Since his novel Life and Times of Michael K won the Booker Prize in 1983, J.M. Coetzee has attracted attention both on and off the page (he never turned up to collect either of his two Booker Prizes). In lieu of public appearances, Coetzee’s fictionalised memoirs such as Boyhood (1997) offer major trawling grounds for readers wishing to learn about his life. A new lens for viewing the adolescent years of that life is now available in J.M. Coetzee: Photographs from Boyhood, an exhibition of photographs taken by Coetzee as a sixteen year old, many of which are being seen for the first time.
The exhibition’s curator is Associate Professor Hermann Wittenberg, who works at the University of the Western Cape, South Africa. Shortly after editing Two Screenplays (2014), a cinematic adaption of Coetzee’s novels, Wittenberg received some of Coetzee’s old photographic equipment that had been in storage for decades, including aluminium canisters full of decaying 35mm film.
“When I opened them up there was this typical vinegar smell from the film base decaying,” Wittenberg told Collage.
“I had them digitalised in a photographic lab, and when I opened them on my computer it was just this amazing experience. It was like looking through a keyhole into the world of Boyhood.”
The monochromatic photographs had been taken, in the 1950s, by the sixteen-year-old J.M. Coetzee. They were a serendipitous find. Of the 450 images discovered, Wittenberg estimated that “80 to 90 percent of them had never been seen before, except in their negative.”
“Seeing them printed out like this was quite a revelation certainly for me, and I think Coetzee was also surprised when I showed them to him.”
Long before he became a writer, Coetzee was an aspiring photographer. As well as being an active member of his school’s photographic club, he read books on photography and tried to imitate photographs from Life magazine. His first camera was a mail-order “spy camera”, with which he took discreet photographs in the classroom.
“He obviously was fascinated by the medium and what a camera could do. He must have saved up quite a bit of his pocket money because he then bought himself for £40 a more professional camera, a Wega.”
That Wega captured the pictures that now make up the exhibition. Wittenberg described the photographs as “quite inventive and experimental,” gesturing to a picture of a desk strewn with writing paraphernalia.
“A photograph like this is really audacious,” he said. “It’s against the light. The drama of this is the chiaroscuro, the sharp shadows cast by the pens. I think he’s making a statement here: ‘This is me. This is where I’m writing.’”

In most of the photographs, Coetzee tends not to pose his subjects but to take them in a more natural manner.
“He liked to catch the unposed moment, and in that he was very much influenced by the photography of the French photographer Henri Cartier-Bresson, trying to catch that moment where truth reveals itself.”
As well as capturing influential moments and people in his life, the collection shows some of Coetzee’s early literary interests.
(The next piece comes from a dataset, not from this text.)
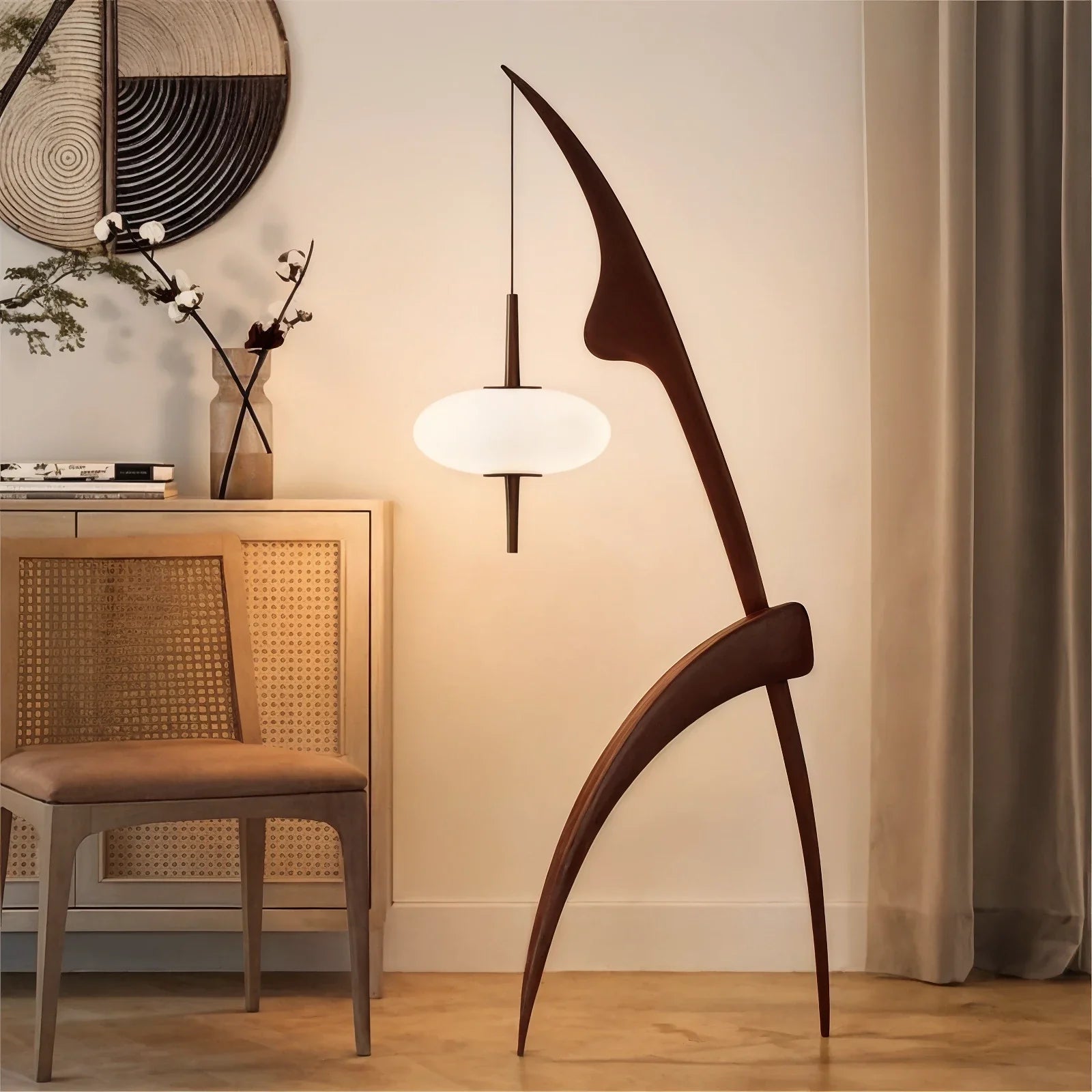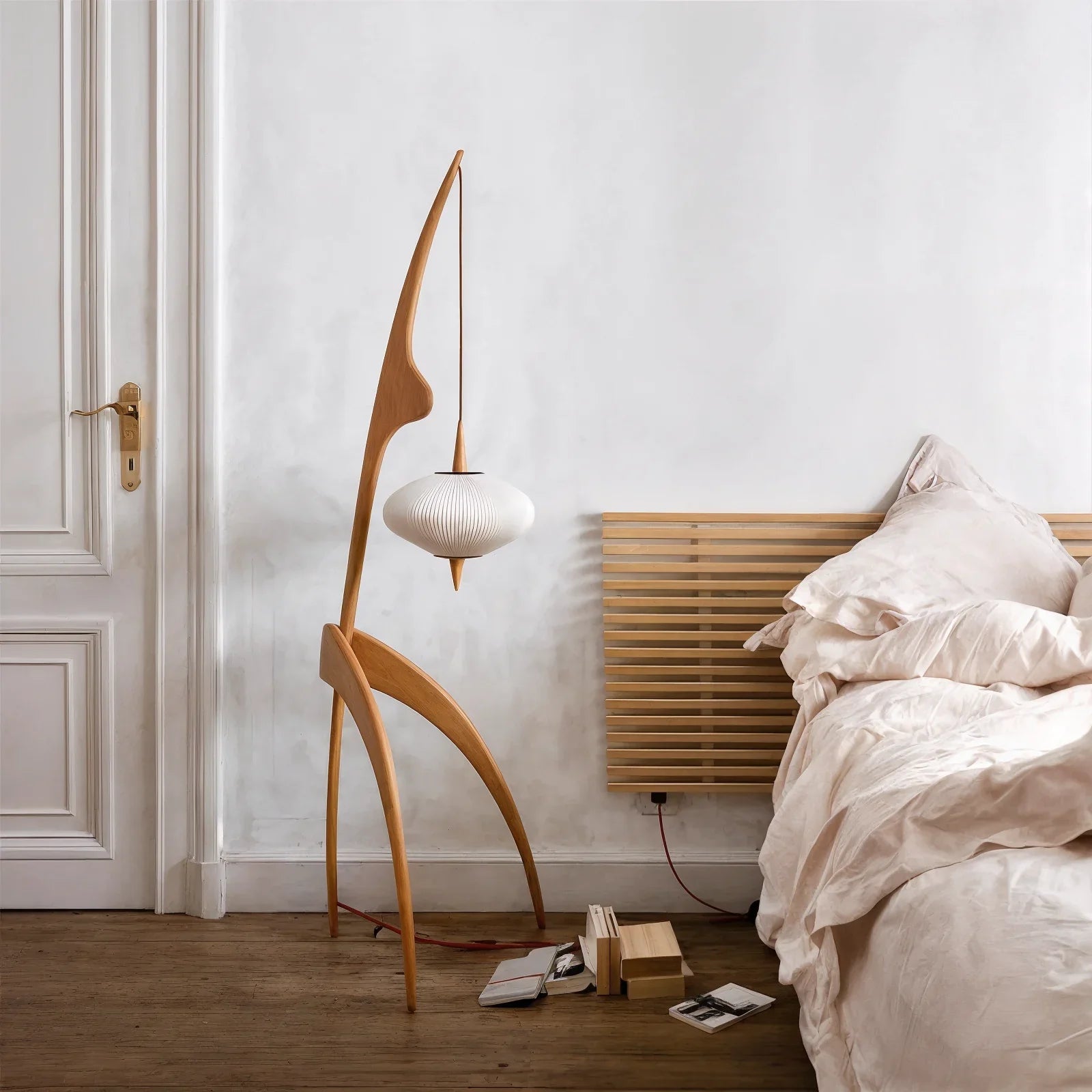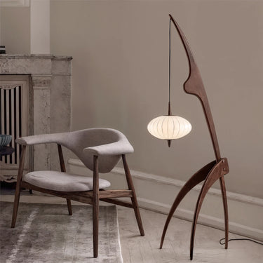 The Maravilla Floor Lamp combines sculptural design with natural elegance. Handcrafted from solid walnut wood, it features an asymmetrical tripod base and a suspended fabric lampshade that diffuses warm, ambient light. This piece adds both function and artistic flair to any space, making it ideal for living rooms, lounges, or creative studios. With its clean lines and organic tones, the Maravilla Lamp enhances modern, rustic, and Mediterranean-inspired interiors alike.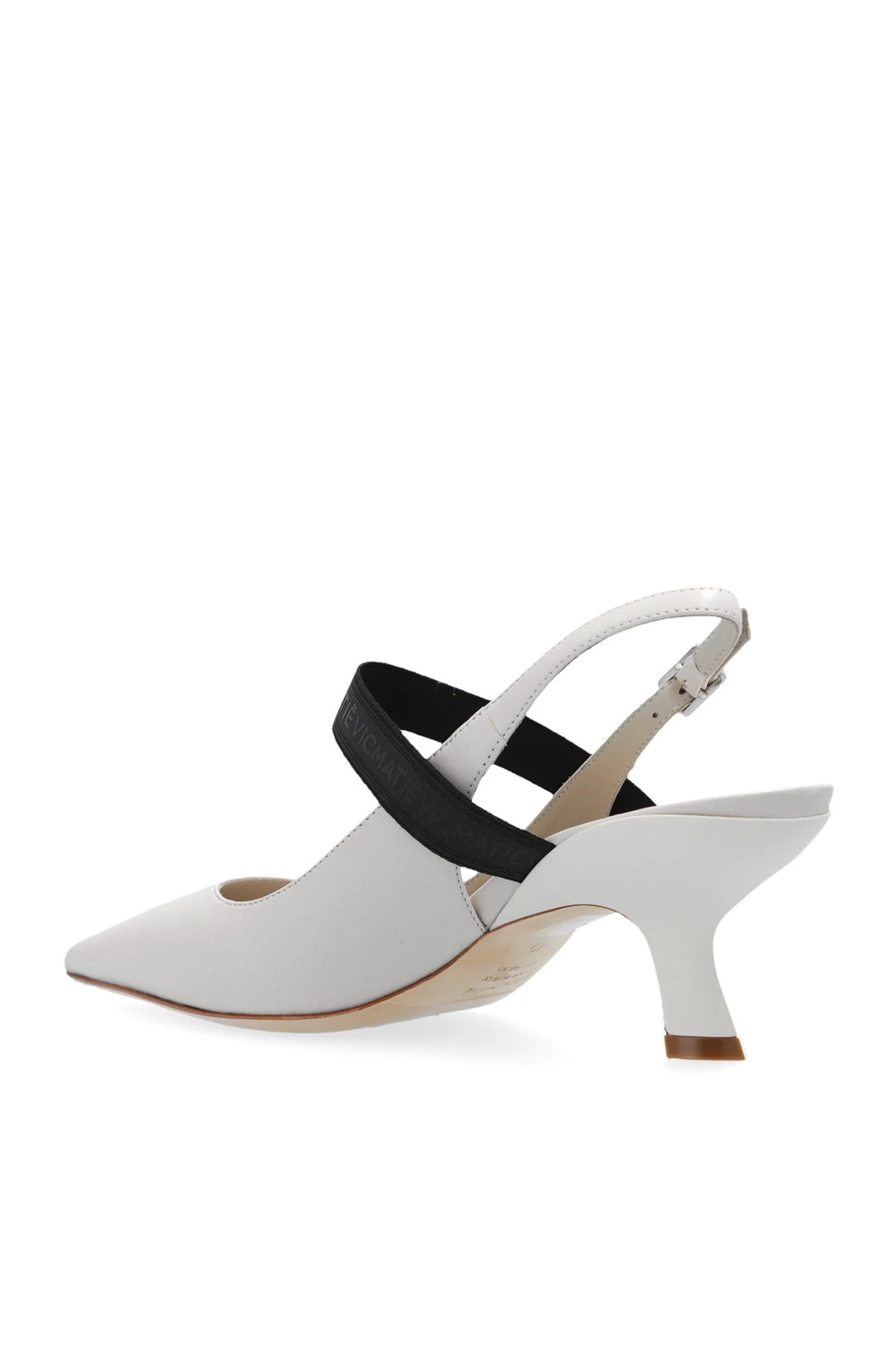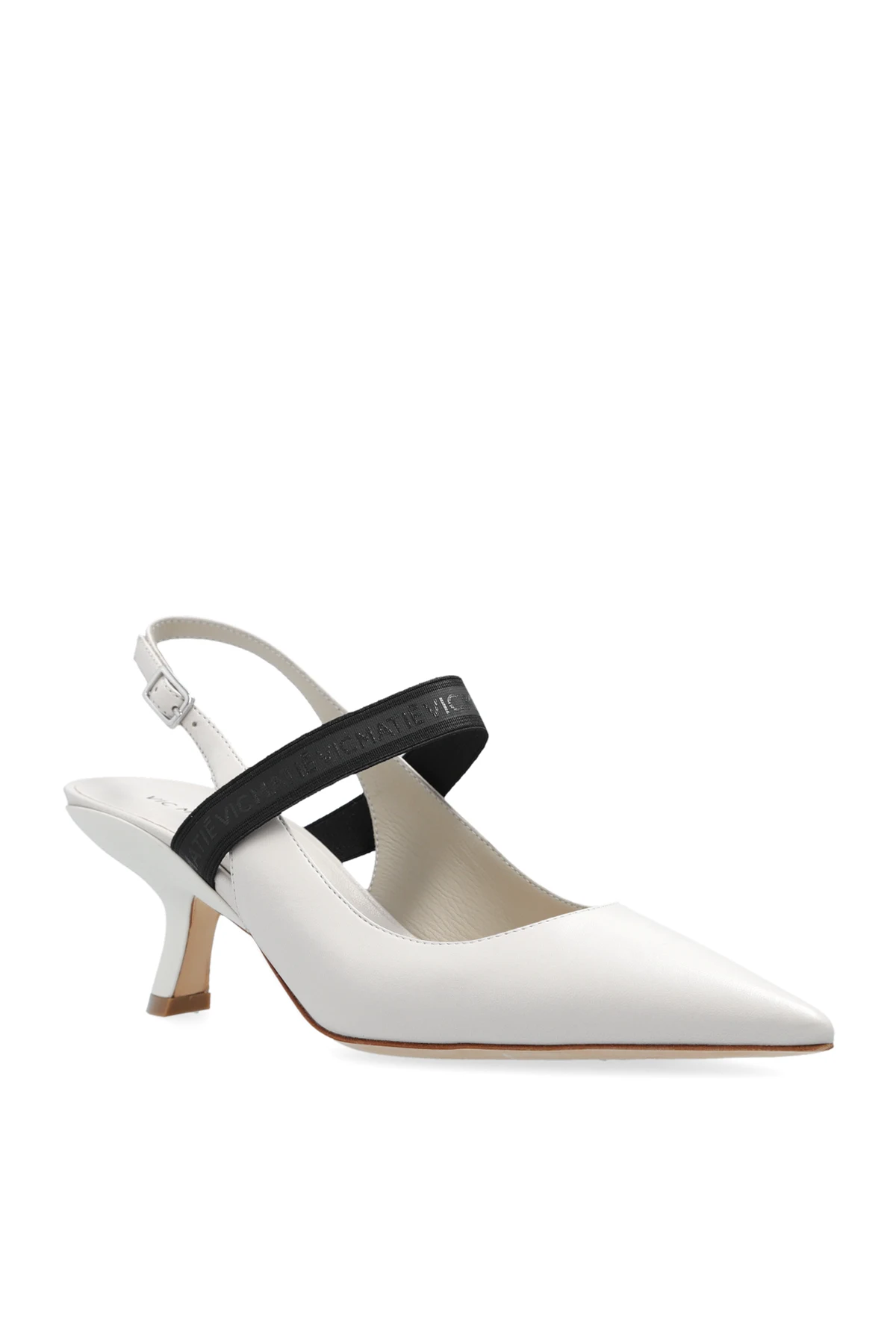 Cream ‘Bonbon’ pumps from Vic Matie. Made of leather with a pointed-toe silhouette, this model sits on a beige leather sole and features an adjustable strap with a buckle on the back and a black elastic strap with a logo on the front.

“Quite a few are scenes of writing. He photographs books, paper, sheet-music, magazines, newspapers. Persistently his eye is drawn to writing.”
“Most remarkably, you’ll see at the exhibition a photograph of his bookshelf at the age of sixteen. You can see what he’s reading at the time.”
This bookshelf reflects an ambitious reading programme crowded with philosophers ranging from Plato to Kant.
Like many of the others, Wittenberg pointed out that it captured “a moment also described in Boyhood where he says, ‘Ok, if I want to make a mark on the world, I’ve got to stop reading The Hardy Boys, Enid Blyton and children’s books, and start reading seriously.’ That bookshelf in a sense can be seen as a conscious decision to reorient himself and think of himself as a serious reader.”
Perhaps even more interesting are what Wittenberg calls the “deleted scenes”, moments undescribed in his memoirs. One of these deleted scenes shows a schoolmate grinning and brandishing his teacher’s cane, a symbol of authority.
“In Boyhood we get the sense that Coetzee’s quite an obedient and well-behaved boy. But here we see him horsing around with his friends, doing something very transgressive, taking the teacher’s cane and playing around with it.”
Coetzee’s photographs from the 1950s enrich the character described in his fictional memoirs. They provide a more complete picture of the novelist.
“The photographs in a sense give us windows,” Wittenberg said, “like looking through a peephole into a lost world of the past that is only partially accessible through Boyhood, and they also give us an insight into a complex boy growing up and seeing the world in a sense through his eyes.”
J.M. Coetzee: Photographs from Boyhood will be on display in the Ira Raymond Room, at the University of Adelaide, until 5 December 2018.